“But as for you, Daniel, conceal these words and seal up the book until the end of time; many will run back and forth, and knowledge will increase” (Daniel 12:4).
Washington Post columnist Richard Cohen (“The Advocate,” Wednesday, August 28, 2013) has a word concerning the rapid pace of change in our generation.
Cohen cites Moises Naim’s new book “The End of Power,” that many companies which once ruled the economic world–Kodak and Blackberry among others–are now gone or on life support. Congress seems in a state of eternal gridlock and little gets done. Presidents issue directives and hold press conferences and address Congress and nothing happens. Political parties seem ineffective in holding their mavericks in line. CEOs take the reins of huge companies and then are fired a couple of years later because they were unable to turn the company around.
At every level, Naim says, people are lamenting an inability to get things done.

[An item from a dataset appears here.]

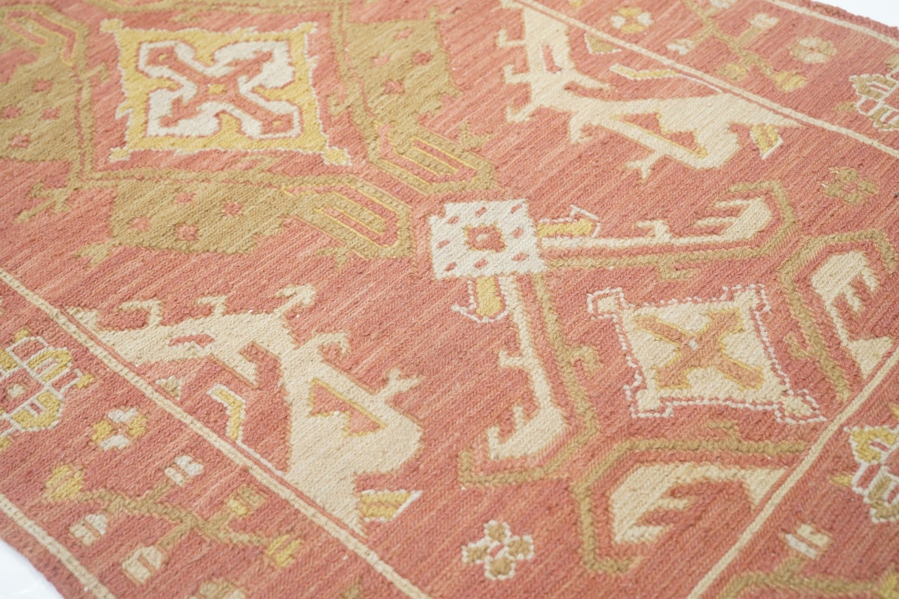 A technique rather than a specific type, in which warps are wrapped by colored wefts to create a pattern. Turkish, Persian and other types. Produces a flat surface, pileless rug which may be turned over for extended use. Lends itself to geometric patterns. Also used on bag faces and as a partial design element on pile rugs.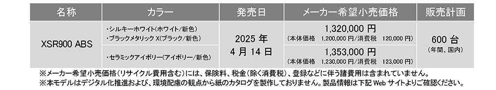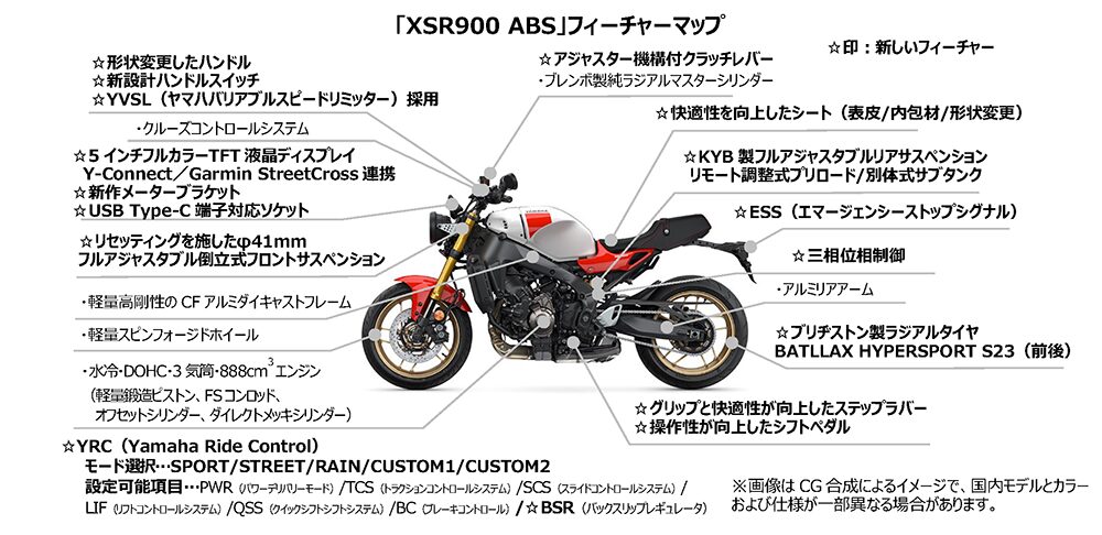 ヤマハ発動機販売株式会社は、スポーツヘリテージモデル「XSR900 ABS」の装備を充実し、2025年モデルとして2025年4月14日に発売する。

And why is this? What’s happening?
Cohen writes, “For one, there is just more of everything–people, for sure, but also weapons and nations and billionaires and blogs and even chess masters–88 in 1972, more than 1,200 today. Mentalities have changed. Women all over the world are walking away from abusive marriages, and people are more mobile. ‘Barriers to power have weakened,’ Naim writes. The world is awash in democracies.”
True. Everything not nailed down is coming loose. Everything is changing.